Given information:
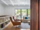 The design team worked closely with the homeowners to find colors and materials that were both contemporary and period correct, spending 10 months in design prior to construction. “The original house was a plain-Jane 1950s ranch that had some nice finish details, such as the beamed living room and kitchen with exposed tongue-and-groove ceiling. We wanted to take the original massing and attractive details and expand these to make the house feel more like a true mid-century,” Chris explains.
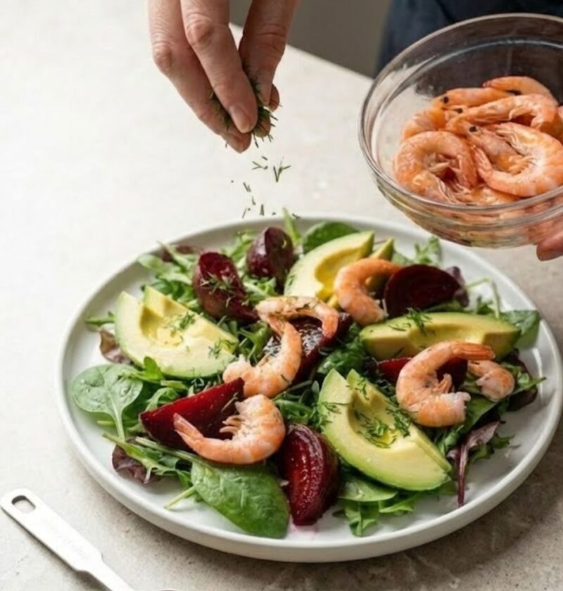 A sophisticated and visually stunning salad featuring sweet prawns, earthy beetroot wedges, and creamy avocado in a zesty lemon-dill vinaigrette.
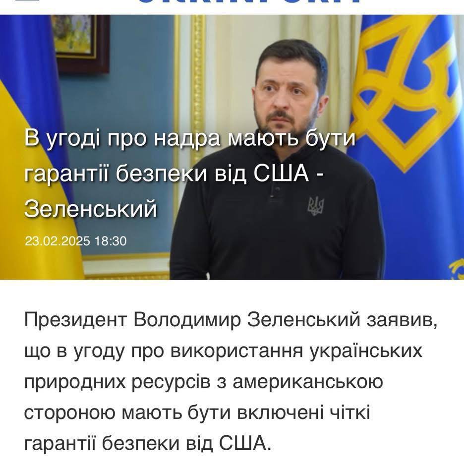Текст украинско-американской сделки о недрах ещё не опубликован. Но ни в одном комментарии по его поводу, ни от Украины, ни от США не упоминается наличие в соглашении гарантий безопасности Украины, на которых ранее настаивал президент Владимир Зеленский (смотрим скрин его заявления от 23 февраля).

What the exercise asks: All lines from the line with "A sophisticated and" through the final line of the listing are to be printed exactly, both ends included; the pictures are not.

Answer for this exercise:
 A sophisticated and visually stunning salad featuring sweet prawns, earthy beetroot wedges, and creamy avocado in a zesty lemon-dill vinaigrette.
Текст украинско-американской сделки о недрах ещё не опубликован. Но ни в одном комментарии по его поводу, ни от Украины, ни от США не упоминается наличие в соглашении гарантий безопасности Украины, на которых ранее настаивал президент Владимир Зеленский (смотрим скрин его заявления от 23 февраля).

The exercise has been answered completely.